Pancreatic b-cells in the Islets of Langerhans are key to maintaining glucose homeostasis, by secreting the peptide hormone insulin. Insulin is packaged within vesicles named insulin secretory granules (ISGs), that have recently been considered to have intrinsic structures and proteins that regulate insulin granule maturation, trafficking, and secretion. Previously, studies have identified a handful of novel ISG-associated proteins using different separation techniques. Here, this study combines an optimized ISG isolation technique and mass spectrometry-based proteomics, with an unbiased protein correlation profiling and targeted machine learning approach to uncover 211 ISG-associated proteins with confidence. Four of these proteins: Syntaxin-7, Synaptophysin, Synaptotagmin-13 and Scamp3 have not been previously ISG-associated. Through colocalization analysis of confocal imaging we validate the association of these proteins to the ISG in MIN6 and human b-cells. We further validate the role for one (Scamp3) in regulating insulin content and secretion from b-cells for the first time. Scamp3 knock-down INS-1 cells show a reduction in insulin content and dysfunctional insulin secretion. These data provide the basis for future investigation of Scamp3 in b-cell biology and the regulation of insulin secretion.
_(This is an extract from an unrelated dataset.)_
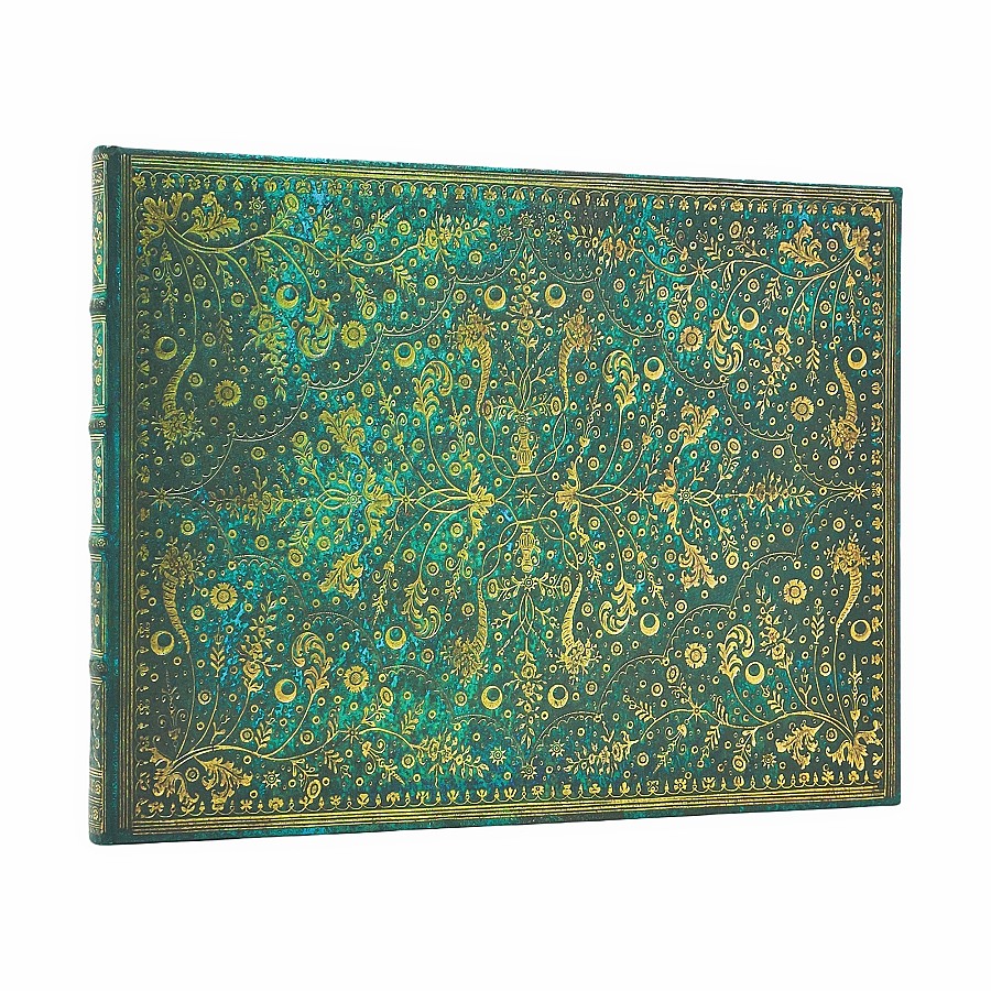 Knihu obyčejných modliteb zakoupil koncem 80. let 20. století irský bibliofil Benjamin Guinness, 3. hrabě z Iveagh (1937–1992). Je vázána v červeném marokánu se zlatými nástroji, zlacenými okraji a hladkými mramorovanými koncovými listy. S nadšením reprodukujeme tuto velkolepou starožitnou vazbu v okouzlující zelené barevné kombinaci, která vzdává hold našemu společnému irskému původu. Doufáme, že květinové ozdoby tohoto designu Smaragdového květu vás inspirují k využití štědrosti přírody i darů poznání.

Keywords: insulin secretory granule, beta-cell, pancreas, proteomics, syntaxin-7, synaptophysin, synaptotagmin-13, scamp3


Article Highlights

· This study optimizes insulin granule isolation techniques alongside enhanced proteomics analyses to establish the first murine insulin secretory granule proteome.

· We investigated what proteins are present on insulin granules from MIN6 cells to further our understanding of insulin granule biogenesis, trafficking, and secretion.

· We found 211 insulin granule-associated proteins and validated 4 novel proteins.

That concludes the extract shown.